LLM2Vec adapts decoder-only LLMs with three key changes:

Bidirectional attention conversion: replacing causal masks so each token can attend to the full sequence.
Masked next token prediction (MNTP): a new training objective that encourages bidirectional understanding.
Unsupervised contrastive learning: inspired by SimCSE, it pulls semantically similar sentences closer together in vector space.

NV-Embed, meanwhile, takes a more streamlined approach:

Latent attention layers: add trainable “latent arrays” to improve sequence pooling.
Direct bidirectional training: simply remove causal masks and fine-tune with contrastive learning.
Mean pooling optimization: uses weighted averages across tokens to avoid “last-token bias.”

The result is that modern LLM-based embeddings combine deep semantic understanding with scalability. They can handle very long context windows (8K–32K tokens), making them especially strong for document-heavy tasks in research, law, or enterprise search. And because they reuse the same LLM backbone, they can sometimes deliver high-quality embeddings even in more constrained environments.
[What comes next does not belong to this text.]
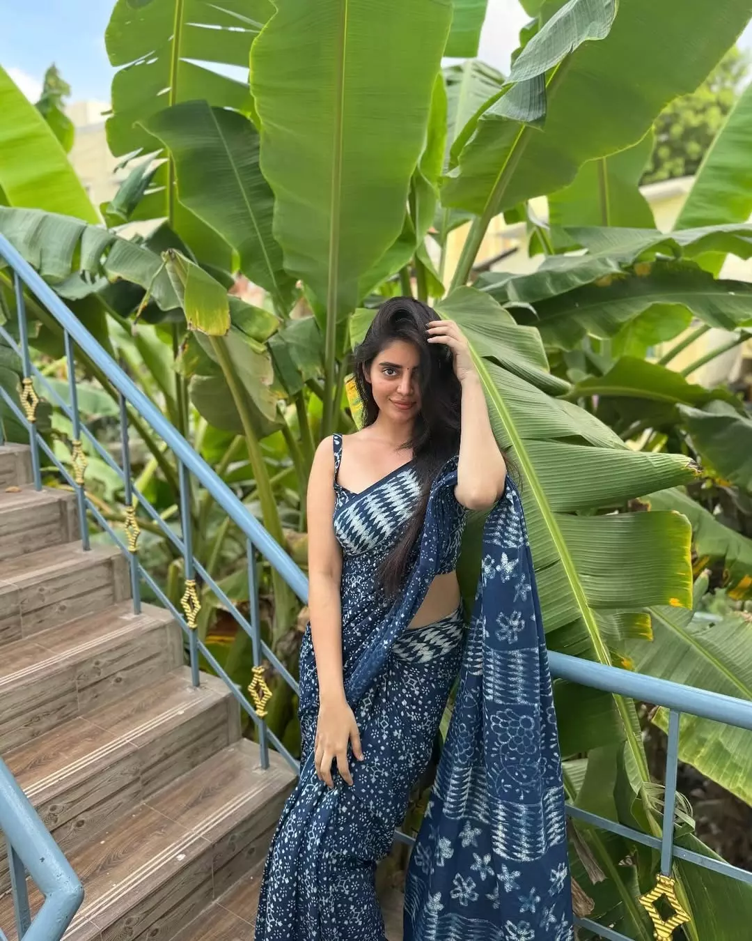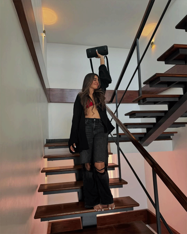 The actress posted a striking picture of herself on a stylish staircase, confidently holding a speaker above her head.

Conclusion: Turning Theory into Practice

When it comes to choosing an embedding model, theory only gets you so far. The real test is how well it performs in your system with your data. A few practical steps can make the difference between a model that looks good on paper and one that actually works in production:

Screen with MTEB subsets. Use benchmarks, especially retrieval tasks, to build an initial shortlist of candidates.
Test with real business data. Create evaluation sets from your own documents to measure recall, precision, and latency under real-world conditions.
Check database compatibility. Sparse vectors require inverted index support, while high-dimensional dense vectors demand more storage and computation. Ensure your vector database can accommodate your choice.
Handle long documents smartly. Utilize segmentation strategies, such as sliding windows, for efficiency, and pair them with large context window models to preserve meaning.
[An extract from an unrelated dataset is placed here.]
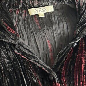 Channel peak 90s and early Y2K glam with this dramatic crushed velvet blouse in deep black and red wine tones. With its ruched silhouette and dreamy, gothic sheen, this top is the definition of whimsigoth elegance romantic, mysterious, and ready to turn heads. Whether you're dressing it up for a night out or layering it over a mesh tee, this vintage piece offers rich texture and unmistakable vibe.

From Word2Vec’s simple static vectors to LLM-powered embeddings with 32K contexts, we’ve seen huge strides in how machines understand language. But here’s the lesson every developer eventually learns: the highest-scoring model isn’t always the best model for your use case.

At the end of the day, users don’t care about MTEB leaderboards or benchmark charts—they just want to find the right information, fast. Choose the model that balances accuracy, cost, and compatibility with your system, and you’ll have built something that doesn’t just impress in theory, but truly works in the real world.